Ralf C. ist Arthrosepatient und kiffte zur Schmerzlinderung. Bis die Polizei seine Pflanzen beschlagnahmte. Nun muss er Opiate nehmen und steht vor dem Strafgericht.

Grün ist die Hoffnung für SchmerzpatientInnen. Die Staatsanwaltschaft sieht das oft anders. Foto: dpa

Hamburg taz | Wenn die Schmerzen anfangen, ist das, als ob man plötzlich in einem Tunnel ist und auf etwas zurast. Alles fängt an zu pfeifen und die Welt um einen herum verschwindet, es gibt nur noch den Schmerz. Irgendwann wacht man auf, die Schmerzen lassen langsam nach, es geht vorbei.

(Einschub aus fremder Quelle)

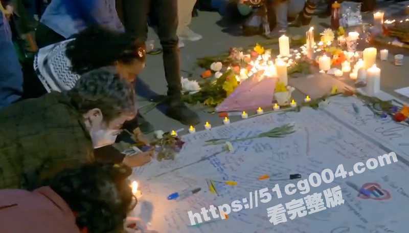 随后很多美国民众自发来到街上纪念这位英雄 抗议美国参与插手巴以冲突 呼吁和平

So beschreibt es Ralf C., Arthritis- und Arthrose-Patient. Er steht in Hamburg vor dem Strafgericht, weil er Marihuana angebaut hat. 30 Pflanzen wuchsen in seinem Keller, er kiffte als Schmerztherapie. Weil die Hamburger Staatsanwaltschaft nicht glaubt, dass er alles selber rauchen wollte, wirft sie ihm neben illegalem Anbau auch Handel mit Betäubungsmitteln vor.

„Niemals habe ich auch nur ein einziges Gramm von dem Zeug verkauft“, beteuert der Angeklagte gegenüber der Richterin. Bei der Hausdurchsuchung im Juli, als sechs PolizistInnen mit Durchsuchungsbefehl in seinem Garten standen, habe er sich zunächst nicht vorstellen können, was die wollten. Als es ihm klar wurde, führte er die BeamtInnen sofort auf den Dachboden, wo die Pflanzen zum Trocknen an Wäscheleinen hingen.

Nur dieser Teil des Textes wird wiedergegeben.